= James Somerville (family historian) =

Scottish family historian (1632–1690)

James Somerville (1632–1690) was a Scottish family historian. A youthful soldier of the Wars of the Three Kingdoms, he like his father declined to claim the title Lord Somerville, but wrote an extensive work on his ancestry, later edited by Walter Scott.

==Early life==
Baptised on 24 January 1632 at Newhall in Lanarkshire, he was eldest and only surviving son of James Somerville of The Drum (by right, tenth Lord Somerville) and Lilias, second daughter of Sir James Bannatyne of Newhall, a lord of session. James's father had gained military experience in France, as an officer in the Scots guard of Louis XIII. On the outbreak of the First Bishops' War in 1639, the elder Somerville joined the covenanting levies under General Alexander Leslie, and with the rank of major had a leading command at the siege of Edinburgh Castle in 1640. James joined his father's company at this siege.

==Campaign against Cromwell==
In 1645 the teenage Somerville was present at David Leslie's first cavalry muster on the Gleds Muir, Tranent. The death of both his younger brothers in 1647 left him the only heir male of his house, and his parents said that he should never leave Scotland. In 1648 his father, having purchased from a cousin the old family seat at Cambusnethan in Lanarkshire, moved there from The Drum, and arranged for his son's marriage with Martha Bannatyne of Corhouse. After Oliver Cromwell's advance into Scotland, the match was put off. The Scots levies concentrated at Edinburgh. Somerville went there with his father, and served in the retinue of the Earl of Eglinton, captain of the king's guard of horse.
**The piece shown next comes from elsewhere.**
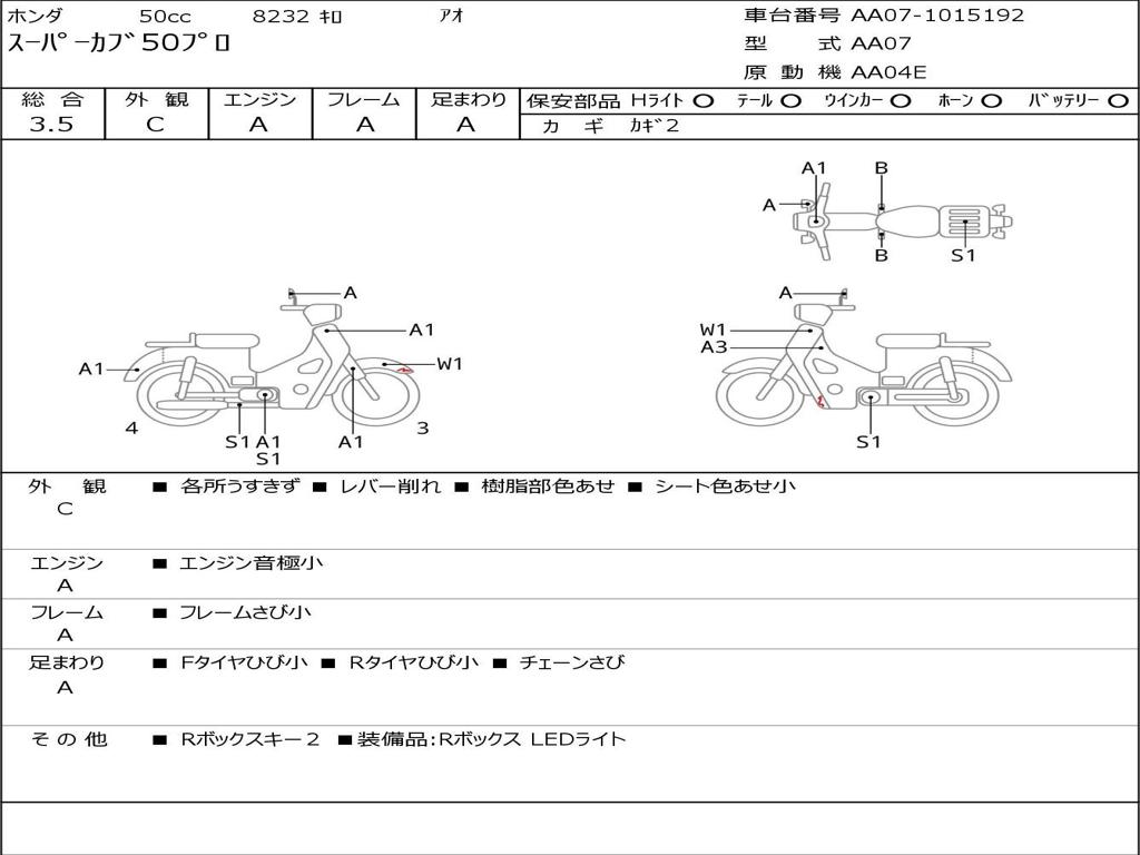 | Номер рамы / VIN | AA07-1015192 |

He saw service, at most of the military actions which took place between the two armies, including the Battle of Dunbar (3 September 1650).
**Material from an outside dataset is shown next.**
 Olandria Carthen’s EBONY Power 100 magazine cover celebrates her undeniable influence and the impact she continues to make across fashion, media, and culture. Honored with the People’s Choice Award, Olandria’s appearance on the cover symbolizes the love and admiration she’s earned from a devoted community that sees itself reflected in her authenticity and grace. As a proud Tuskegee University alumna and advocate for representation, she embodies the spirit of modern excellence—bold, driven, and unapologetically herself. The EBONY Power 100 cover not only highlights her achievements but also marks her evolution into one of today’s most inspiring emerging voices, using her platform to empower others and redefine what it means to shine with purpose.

After Dunbar, Somerville returned to Cambusnethan, and found it partially occupied by levies of the Presbyterian Association, with whom he had a sharp skirmish. Then in company with Bannatyne of Corhouse, his intended father-in-law, he went north to Perth where Charles II held court. Towards the end of November he returned with his cousin, Major-general Robert Montgomery, who was in command of a body of cavalry that was designed either to operate against, or come to terms with, the Association levies under Colonels Gilbert Ker and Archibald Strachan. After Montgomery had passed Stirling and was on the road to Dumbarton, he gave Somerville a commission to discover if the Association forces were willing to come to an agreement. He went to Renfrew, and arrived in time to take part in a concentration of Royalist forces on Ruglen, which was intended to check Cromwell's advance on Hamilton.

Four Cromwellian regiments of cavalry (Lord Kirkcudbright's, Colonel Strachan's, Ker's, and Halkett's), then made a night march on Hamilton, and occupied the town, but, after a sharp encounter, were driven out and dispersed the next morning. Somerville, after sending a message to Montgomery, spent three days with the laird of Cathcart, till the country was clear, and then returned to Cambusnethan. Cromwell, however, had rapidly regarrisoned Hamilton, and was making the country dangerous for the Royalists. Somerville and his father therefore retired over the Forth, and were present at the coronation of Charles II at Scone on 1 January 1651. With other Royalists they then paid their respects to the Duke of Hamilton, who was with the Earl of Crawford at the Struthers, Fifeshire. Somerville's father placed him in the king's guard, again only as a volunteer.

When Charles II decided to march into England, Somerville senior removed his son from the royal guard, to keep him in Scotland. The army's line of march passed within a short distance of the Corhouse, where Martha Bannatyne, Somerville's bethrothed, was living; she sent Somerville junior a message, prompted by Somerville senior. He came and was shut until the army was too far off to be rejoined. The couple married at Lesmahagow church on 13 November 1651, after the Royalist defeat at the Battle of Worcester, with James Somerville still 18 years old.

==Later life==
The death of his father on 3 January 1677 left Somerville as the successor to the family peerage; but, like his father, he declined to assume the title. He died in 1690.

==Works==
Somerville collated the records of his family, and completed in 1679 The Memorie of the Somervilles, written mainly for his sons. The two folio volumes remained unprinted among the family papers until 1815, when they were edited by Sir Walter Scott, and published with notes and corrections (Edinburgh, 2 vols.).

==Family==
By his first wife, who died in 1676, Somerville had three sons: James, born 26 Aug. 1652; John; and George. On 15 March 1685 he married, secondly, Margaret Jamieson, and had issue a daughter Margaret (b. 1686) and a son Hugh (b. 1688). The Somerville title remained in abeyance until it was recovered by a great-grandson, James Somerville, 13th Lord Somerville.